Current Injection Provokes Rapid Expansion of the Guard Cell Cytosolic Volume and Triggers Ca(2+) Signals.

机构信息

Molecular Plant Physiology and Biophysics, Julius-von-Sachs Institute for Biosciences, Biocenter, Würzburg University, Julius-von-Sachs-Platz 2, 97082 Würzburg, Germany.

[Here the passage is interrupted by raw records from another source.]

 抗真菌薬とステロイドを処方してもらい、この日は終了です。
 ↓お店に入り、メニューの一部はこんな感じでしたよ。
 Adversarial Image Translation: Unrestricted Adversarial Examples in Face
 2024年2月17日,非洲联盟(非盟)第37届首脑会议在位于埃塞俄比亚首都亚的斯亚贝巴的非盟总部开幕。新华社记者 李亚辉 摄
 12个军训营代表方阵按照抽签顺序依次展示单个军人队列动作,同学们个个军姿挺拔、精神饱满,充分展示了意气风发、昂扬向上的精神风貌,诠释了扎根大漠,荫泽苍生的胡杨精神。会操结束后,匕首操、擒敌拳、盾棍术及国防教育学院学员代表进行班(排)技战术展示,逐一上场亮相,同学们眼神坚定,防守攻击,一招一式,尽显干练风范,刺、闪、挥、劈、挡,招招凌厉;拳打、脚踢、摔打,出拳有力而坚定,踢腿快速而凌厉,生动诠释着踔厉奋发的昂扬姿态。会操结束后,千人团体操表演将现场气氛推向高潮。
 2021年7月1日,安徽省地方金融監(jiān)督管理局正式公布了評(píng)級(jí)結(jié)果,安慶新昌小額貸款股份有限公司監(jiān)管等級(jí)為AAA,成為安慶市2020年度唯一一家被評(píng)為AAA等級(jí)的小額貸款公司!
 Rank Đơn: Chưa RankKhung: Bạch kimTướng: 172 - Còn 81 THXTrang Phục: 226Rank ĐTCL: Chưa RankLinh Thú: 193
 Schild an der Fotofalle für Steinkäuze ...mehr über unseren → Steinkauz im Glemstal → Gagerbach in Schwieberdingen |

Molecular Plant Physiology and Biophysics, Julius-von-Sachs Institute for Biosciences, Biocenter, Würzburg University, Julius-von-Sachs-Platz 2, 97082 Würzburg, Germany.

出版信息

Mol Plant. 2016 Mar 7;9(3):471-480. doi: 10.1016/j.molp.2016.02.004. Epub 2016 Feb 20.

Abstract

High-resolution microscopy opens the door for detailed single-cell studies with fluorescent reporter dyes and proteins. We used a confocal spinning disc microscope to monitor fluorescent dyes and the fluorescent protein Venus in tobacco and Arabidopsis guard cells. Multi-barreled microelectrodes were used to inject dyes and apply voltage pulses, which provoke transient rises in the cytosolic Ca(2+) level. Voltage pulses also caused changes in the distribution of Lucifer Yellow and Venus, which pointed to a reversible increase of guard cell cytosolic volume. The dynamic cytosolic volume changes turned out to be provoked by current injection of ions. A reduction of the clamp current, by blocking K(+) uptake channels with Cs(+), strongly suppressed the cytosolic volume changes. Cs(+) not only inhibited the expansion of the cytosol, but also inhibited hyperpolarization-induced elevations of the cytosolic Ca(2+) concentration. A complete loss of voltage-induced Ca(2+) signals occurred when Ca(2+)-permeable plasma membrane channels were simultaneously blocked with La(3+). This shows that two mechanisms cause hyperpolarization-induced elevation of the cytosolic Ca(2+)-concentration: (i) activation of voltage-dependent Ca(2+)-permeable channels, (ii) osmotically induced expansion of the cytosol, which leads to a release of Ca(2+) from intracellular stores.

摘要

高分辨率显微镜为使用荧光报告染料和蛋白质进行详细的单细胞研究打开了大门。我们使用共聚焦旋转盘显微镜监测烟草和拟南芥保卫细胞中的荧光染料和荧光蛋白 Venus。多通道微电极用于注射染料和施加电压脉冲,这会引起细胞质 Ca(2+)水平的瞬时升高。电压脉冲还导致 Lucifer Yellow 和 Venus 的分布发生变化,这表明保卫细胞细胞质体积可发生可逆增加。动态细胞质体积变化是由离子电流注入引起的。通过 Cs(+)阻断 K(+)摄取通道来减少箝位电流,强烈抑制了细胞质体积变化。Cs(+)不仅抑制了细胞质的扩张,还抑制了超极化诱导的细胞质 Ca(2+)浓度升高。当同时用 La(3+)阻断可透过 Ca(2+)的质膜通道时,电压诱导的 Ca(2+)信号完全丧失。这表明两种机制导致超极化诱导的细胞质 Ca(2+)浓度升高:(i) 激活电压依赖性 Ca(2+)通透通道,(ii) 渗透压诱导的细胞质扩张,导致细胞内储存的 Ca(2+)释放。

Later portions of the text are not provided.